Как странно несхожи эти судьбы... И как невозможны они одна без другой!

1

«Николай Рубцов — поэт долгожданный. Блок и Есенин были последними, кто очаровывал читающий мир поэзией— непридуманной, органической. Полвека прошло в поиске, в изыске, в утверждении многих форм, а также— истин... Время от времени в огромном хоре советской поэзии звучали голоса яркие, неповторимые. И все же — хотелось Рубцова. Требовалось. Кислородное голодание без его стихов — надвигалось...»

«Стихи его настигают душу внезапно. Они не томятся в книгах, не ждут, когда на них задержится читающий взгляд, а, кажется, существуют в самом воздухе. Они, как ветер, как зелень и синева, возникли из неба и земли и сами стали этой вечной синевой и зеленью...»

«Стихи Рубцова выражают то, что невыразимо ни зримым образом, ни словом в его собственном значении... Образ и слово играют в поэзии Рубцова как бы вспомогательную роль, они служат чему-то третьему, возникающему из их взаимодействия».

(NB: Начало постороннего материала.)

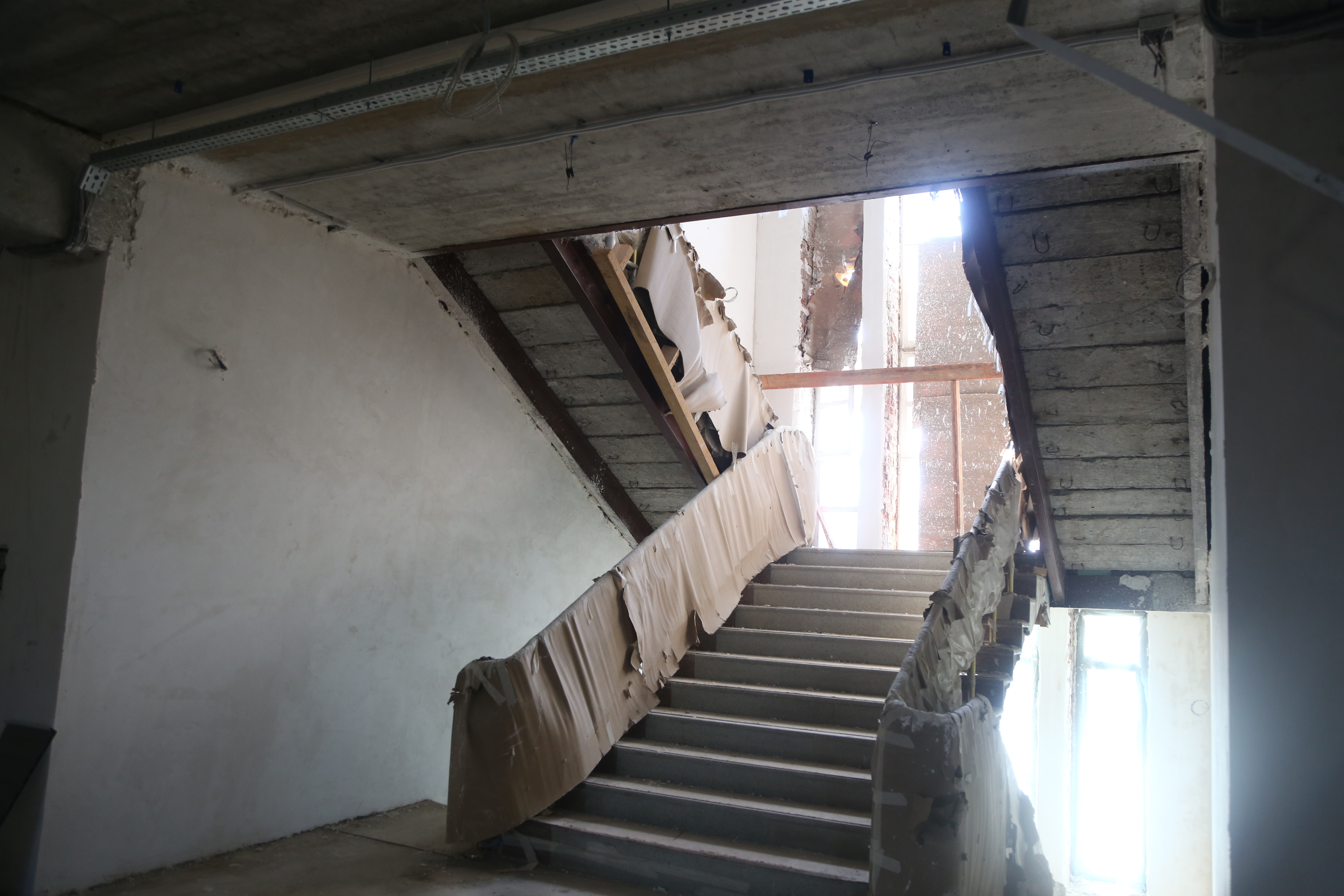 - Площадь некоторых кабинетов была увеличена, из-за чего некоторые помещения, соответсвенно, были уменьшены. Круглые залы не трогали, их площади останутся прежними. Стены будут облицованы декоративным, шумопоглощающим материалом. Для полов будем использовать керамические плитки, линолеум, паркет. Потолки, лестницы и подлокотники также будут выполнены из современных стройматериалов. Ремонтными работами занимаются 32 человека. Все они из Казани. График работы – 6/1.

Эти высказывания Г. Горбовского, А. Романова, В. Кожинова — лучшее свидетельство тому, как непрост разговор о поэзии Рубцова. Едва исследователь пытается выразить ее суть, как тут же, отказываясь от литературоведческой терминологии, вынужден оперировать понятиями и категориями самой жизни.

Обманчива простота рубцовской лирики.

Судите сами... Рубцов словно бы специально пользуется неточными определениями. «Там, за расхлябанным следом», «ее пустынные стога», «в деревне мглистой», «распутья вещие»... Что это? Языковая небрежность? Или это поиск подлинного, соответствующего стиховой ситуации смысла, освобождение живой души слова из грамматико-лексических оков?

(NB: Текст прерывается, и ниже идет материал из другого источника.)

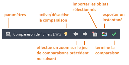 Lorsqu'une opération de comparaison est lancée, la barre d'outils de comparaison de fichiers DWG s'affiche.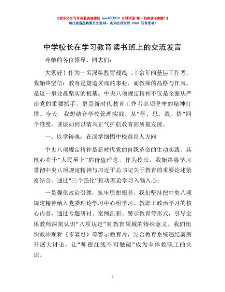 / 中学校长在学习教育读书班上的交流发言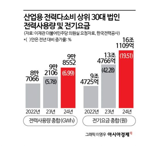 7일 이재관 더불어민주당 의원실이 한전에서 제출받은 '2022~2024년 전력요금 부담 현황'에 따르면 전력 사용량 상위 30대 법인의 전기요금 총액은 2022년 9조4725억원에서 올해 16조1109억원으로 70%가량 급증했다. 같은 기간 전력 사용량은 8만7066GWh에서 9만8552GWh로 13.2% 증가하는 데 그쳤다.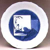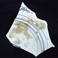 染付色紙草文輪花中皿 (楠木谷窯跡/1650年代前半)
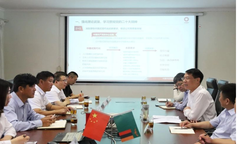 1月20日上午,蔣中文向中材礦山、蘇州中材、中材建設(shè)、智慧工業(yè)等在贊比亞團隊講授主題為“自信自立、守正創(chuàng)新、勇?lián)鷩H化發(fā)展前沿重任”的黨課,并提出以下要求:一是強化理論武裝,充分學(xué)習(xí)貫徹黨的二十大精神。二是牢固樹立戰(zhàn)略思維,確保中材國際發(fā)展戰(zhàn)略在贊比亞有效落實。三是堅持立足屬地發(fā)展,接續(xù)公司國際化發(fā)展偉大事業(yè)。

Или другой пример... Наверное, ни у кого из поэтов не найдется столь многочисленных повторов самого себя, как у Рубцова. Кажется, он забывал созданные и уже зафиксированные в стихах образы, многократно повторяя их в новых стихах:

Скачут ли свадьбы в глуши потрясенного бора,

Мчатся ли птицы, поднявшие крик, над селеньем,

Льется ли чудное пение детского хора,—

О моя жизнь! На душе не проходит волненье...

(«У размытой дороги»)

Как просто в прекрасную глушь

                                                 листопада

Уводит меня полевая ограда,

И детское пенье в багряном лесу...

   («Жар-птица»)

 

Словно слышится пение хора,

Словно скачут на тройках гонцы,

И в глуши задремавшего бора

Все звенят и звенят бубенцы...

  («Тайна»)

 

И пенья нет, но ясно слышу я

Незримых певчих пенье хоровое...

  («Привет, Россия...»)

 

Скачет ли свадьба в глуши потрясенного бора,

Или, как ласка, в минуты ненастной погоды

Где-то послышится пение детского хора,—

Так — вспоминаю — бывало и в прежние годы!

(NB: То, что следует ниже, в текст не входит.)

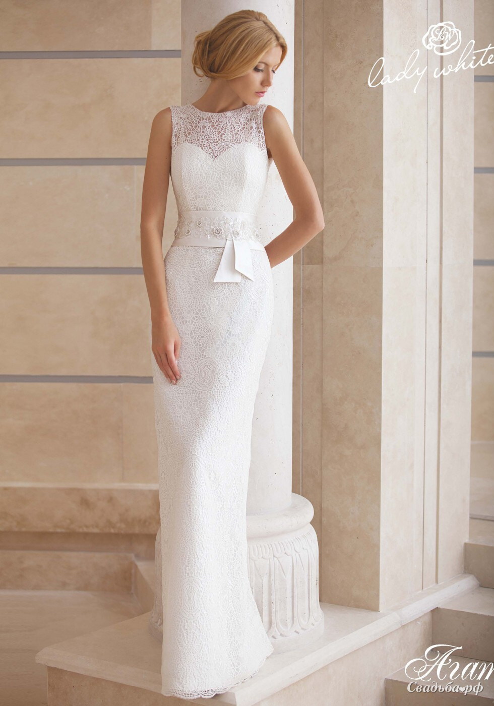 Прямое платье в пол, атласный футляр, покрытый макраме. Широкий гипюровый пояс, расшит стразами Сваровски.

   («Скачет ли свадьба...»)

Все эти «свадьбы», эти «хоры», рассыпанные по стихам Рубцова, право же, сразу и не перечислишь. Что это? Самоповтор? Или «причастность к тому, что, в сущности, невыразимо»? Ведь появление знака приближающихся потусторонних сил столь же естественно и обычно в поэзии Рубцова, как дуновение ветра или шум осеннего дождя, и поэтому даже и не осознается как повтор...

Еще более загадочной выглядит взаимосвязь поэзии Рубцова и его жизни. По его стихам точнее, чем по документам и автобиографиям, можно проследить его жизненный путь. Но дело не только в этом. Конечно, многие настоящие поэты угадывали свою судьбу, легко заглядывали в будущее, но в Рубцове провидческие способности были развиты с такой необыкновенной силой, что, когда читаешь написанные им незадолго до смерти стихи:

Я умру в крещенские морозы.

Я умру, когда трещат березы,—

охватывает жутковатое чувство нереальности. Невозможно видеть вперед так ясно, как видел Рубцов. Хотя — сам Рубцов говорил: «Мы сваливать не вправе вину свою на жизнь. Кто едет, тот и правит, поехал— так держись!» — отчего же невозможно? Очень даже можно, если учесть, что Рубцов и жил так, как будто писал самое главное свое стихотворение, и, совершенно точно зная финал, ясно представляя, что ждет впереди, даже не пытался что-либо изменить... Потому что не прожить свою жизнь, не пройти до конца назначенный ему Путь он не мог, да и не хотел...

2

О родителях Николая Рубцова известно немного. Отец поэта — Михаил Андриянович Рубцов родился в деревне Самылково на Вологодчине. Работал он продавцом в сельпо. В двадцать первом году женился на Александре Михайловне. В Самылкове родились первые их дети — три дочери: Рая, Надежда, Галина — и сын Альберт. Николай Рубцов был пятым ребенком в семье и родился уже в Емецке Архангельской области. Михаил Андриянович, вступивший в начале коллективизации в партию, работал там начальником ОРСа местного леспромхоза. Было тогда ему тридцать шесть лет.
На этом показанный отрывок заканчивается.